Start of Information provided

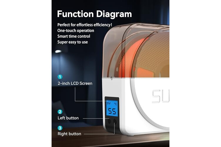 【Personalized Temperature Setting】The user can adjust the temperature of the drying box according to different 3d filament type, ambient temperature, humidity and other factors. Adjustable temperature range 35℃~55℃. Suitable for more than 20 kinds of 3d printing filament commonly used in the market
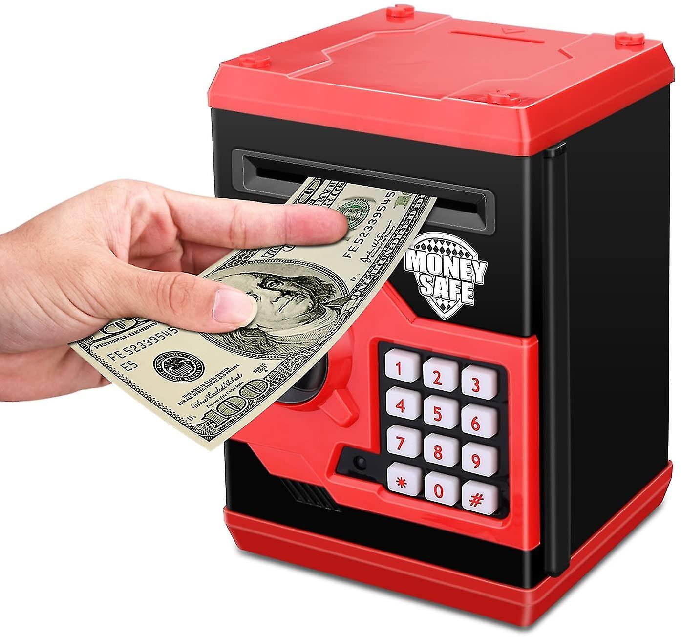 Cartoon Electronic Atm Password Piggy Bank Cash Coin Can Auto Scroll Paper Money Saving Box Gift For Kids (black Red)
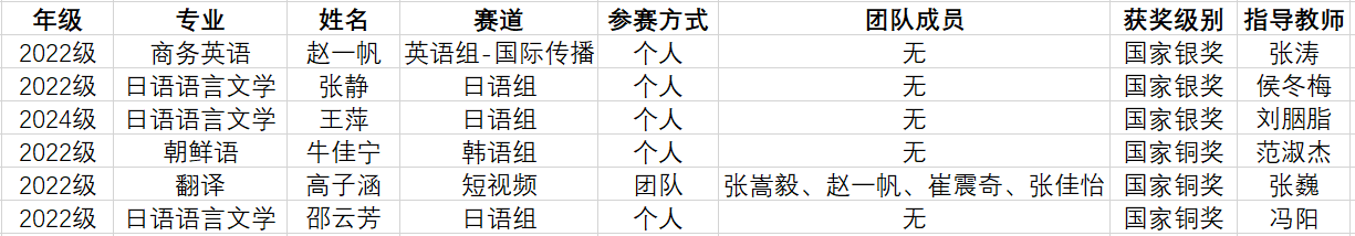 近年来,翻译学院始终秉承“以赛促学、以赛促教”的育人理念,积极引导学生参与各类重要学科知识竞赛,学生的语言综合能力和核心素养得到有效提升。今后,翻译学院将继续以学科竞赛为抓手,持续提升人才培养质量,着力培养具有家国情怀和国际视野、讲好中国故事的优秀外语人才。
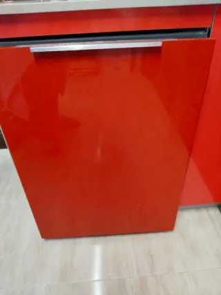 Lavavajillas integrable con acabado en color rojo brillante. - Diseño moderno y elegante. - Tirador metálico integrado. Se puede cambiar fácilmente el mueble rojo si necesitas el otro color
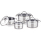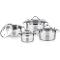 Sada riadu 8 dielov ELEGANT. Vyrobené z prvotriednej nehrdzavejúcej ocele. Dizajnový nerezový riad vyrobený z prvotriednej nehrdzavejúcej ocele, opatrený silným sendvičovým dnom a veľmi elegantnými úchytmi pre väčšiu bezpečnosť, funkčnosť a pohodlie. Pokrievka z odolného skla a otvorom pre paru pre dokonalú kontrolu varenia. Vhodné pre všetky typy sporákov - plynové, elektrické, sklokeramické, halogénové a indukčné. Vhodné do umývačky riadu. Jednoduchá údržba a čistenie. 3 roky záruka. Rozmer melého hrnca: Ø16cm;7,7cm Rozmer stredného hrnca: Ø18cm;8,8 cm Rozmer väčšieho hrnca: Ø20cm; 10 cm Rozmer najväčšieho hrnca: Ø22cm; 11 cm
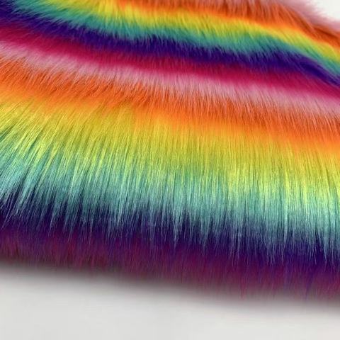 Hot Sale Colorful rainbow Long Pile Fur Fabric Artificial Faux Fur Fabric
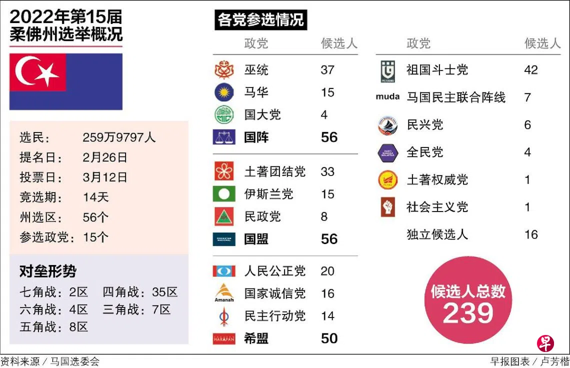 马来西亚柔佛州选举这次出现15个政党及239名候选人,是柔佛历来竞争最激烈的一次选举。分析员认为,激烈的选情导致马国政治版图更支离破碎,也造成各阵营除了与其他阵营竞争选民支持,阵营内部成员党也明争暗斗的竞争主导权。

End of Information provided

Exercise goal - Output only the lines that run from the line containing "Hot Sale Colorful" to the last line of the data, exactly as they stand and without pictures.

Task answer -
 Hot Sale Colorful rainbow Long Pile Fur Fabric Artificial Faux Fur Fabric
 马来西亚柔佛州选举这次出现15个政党及239名候选人,是柔佛历来竞争最激烈的一次选举。分析员认为,激烈的选情导致马国政治版图更支离破碎,也造成各阵营除了与其他阵营竞争选民支持,阵营内部成员党也明争暗斗的竞争主导权。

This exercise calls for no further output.